Prompt
Using the listing below, output only the lines from the one that contains "次衛(wèi)做了干濕分區(qū),因為" through the one that contains "Таким образом, согласно", inclusive, exactly as given and without images.

Study material
>>
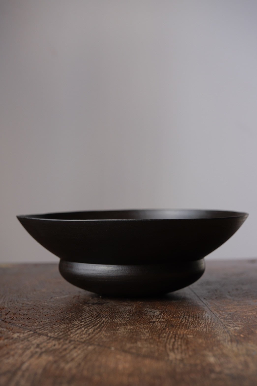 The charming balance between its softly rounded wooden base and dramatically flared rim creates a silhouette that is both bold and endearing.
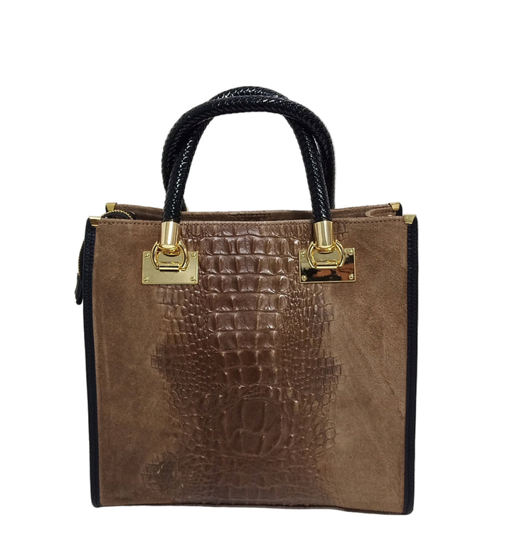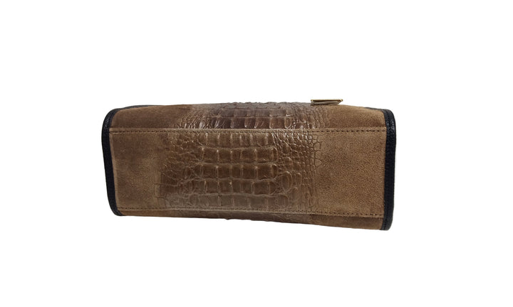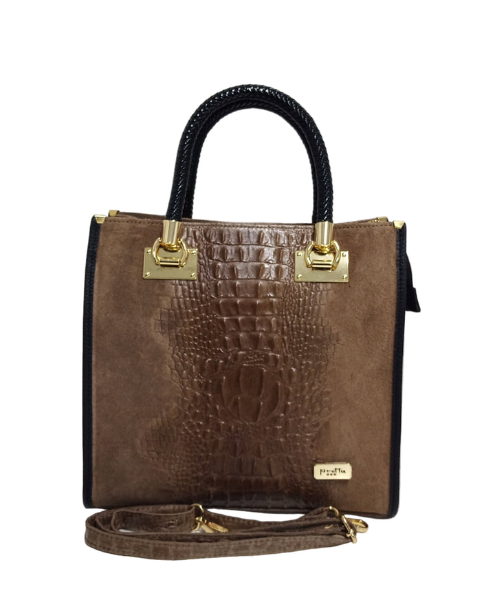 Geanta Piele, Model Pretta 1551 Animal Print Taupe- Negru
<<
>>
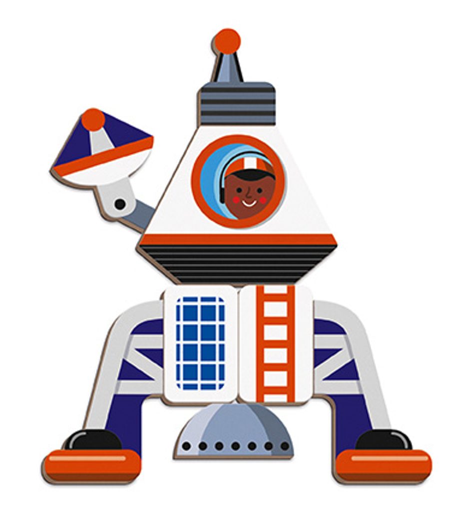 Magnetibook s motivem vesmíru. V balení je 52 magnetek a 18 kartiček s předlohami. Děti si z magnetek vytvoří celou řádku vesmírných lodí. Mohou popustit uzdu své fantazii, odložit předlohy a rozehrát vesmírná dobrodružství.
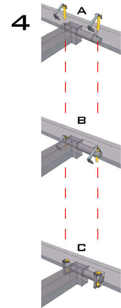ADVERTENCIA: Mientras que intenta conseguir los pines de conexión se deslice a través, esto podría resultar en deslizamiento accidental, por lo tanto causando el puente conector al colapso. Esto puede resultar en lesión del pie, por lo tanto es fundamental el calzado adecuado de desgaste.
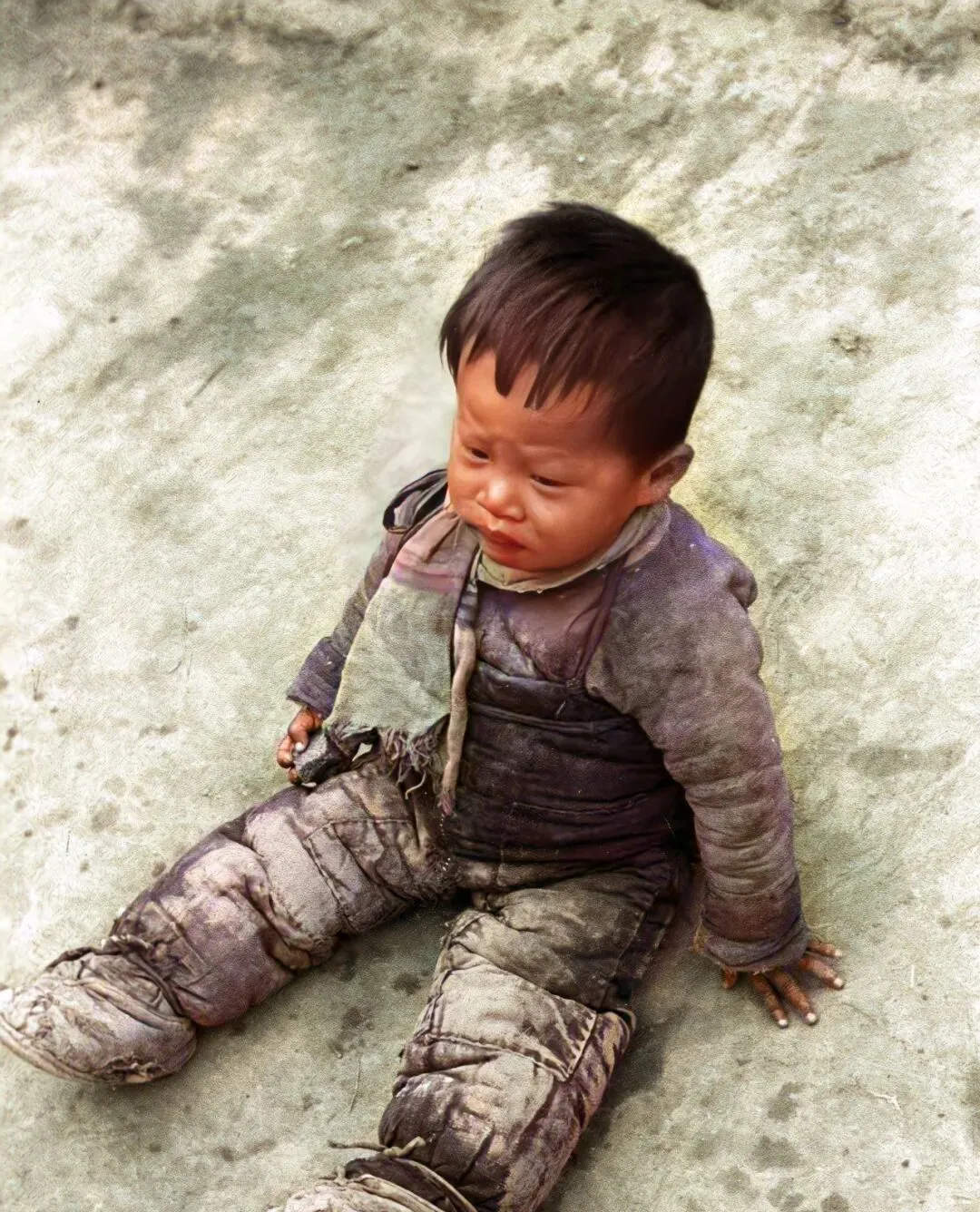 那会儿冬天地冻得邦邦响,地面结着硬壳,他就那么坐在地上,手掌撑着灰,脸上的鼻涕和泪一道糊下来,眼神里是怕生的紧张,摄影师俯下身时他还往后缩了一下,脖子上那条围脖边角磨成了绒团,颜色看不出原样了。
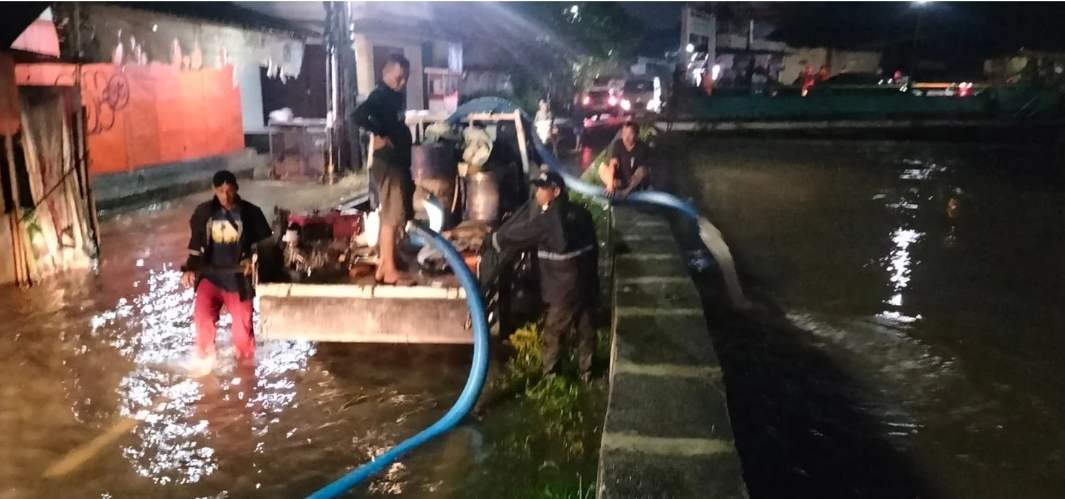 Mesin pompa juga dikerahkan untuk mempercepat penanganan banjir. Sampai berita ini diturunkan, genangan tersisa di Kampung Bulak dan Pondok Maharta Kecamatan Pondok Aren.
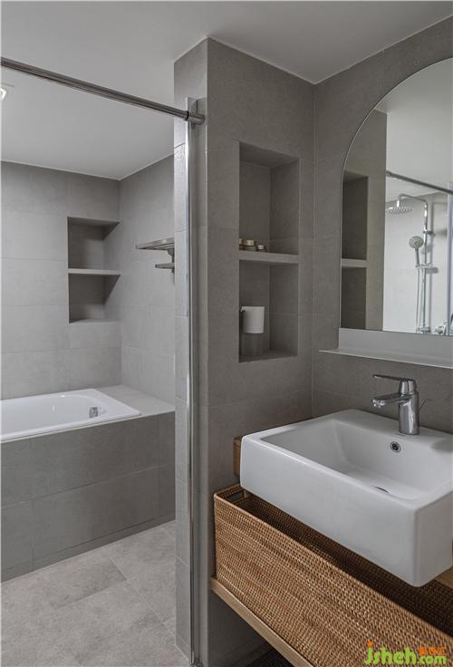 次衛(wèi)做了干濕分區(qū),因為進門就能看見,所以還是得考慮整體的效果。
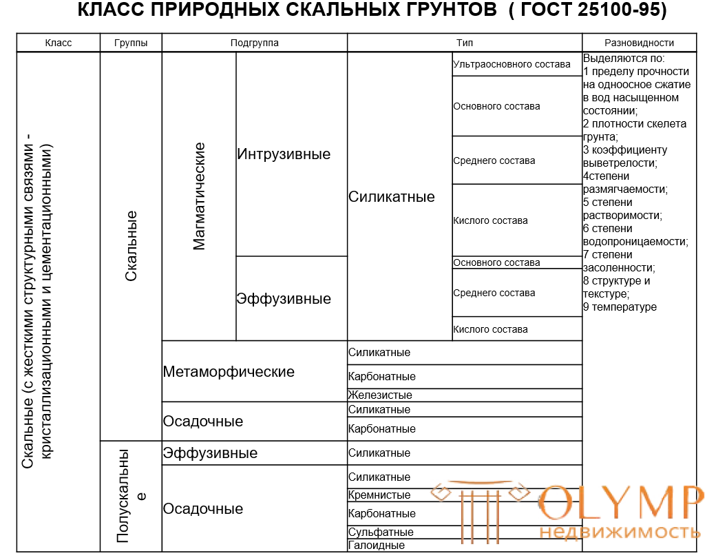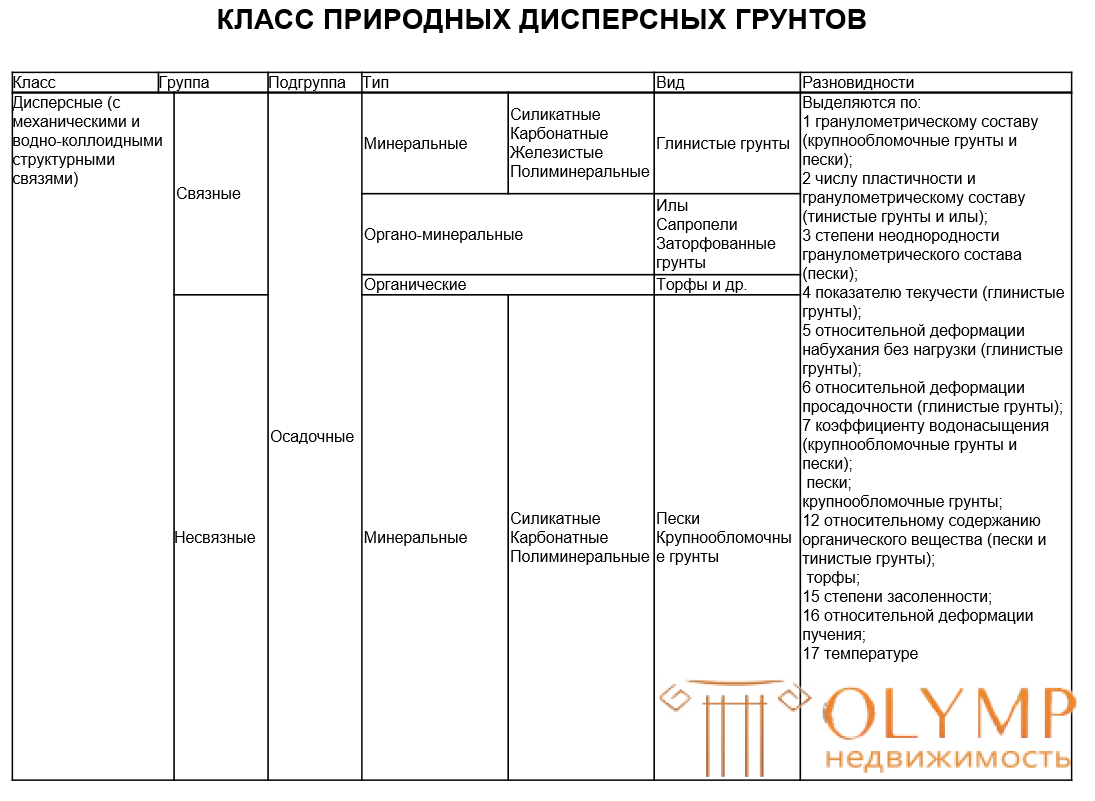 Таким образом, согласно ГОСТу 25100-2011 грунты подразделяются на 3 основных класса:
<<
Answer
 次衛(wèi)做了干濕分區(qū),因為進門就能看見,所以還是得考慮整體的效果。
 Таким образом, согласно ГОСТу 25100-2011 грунты подразделяются на 3 основных класса:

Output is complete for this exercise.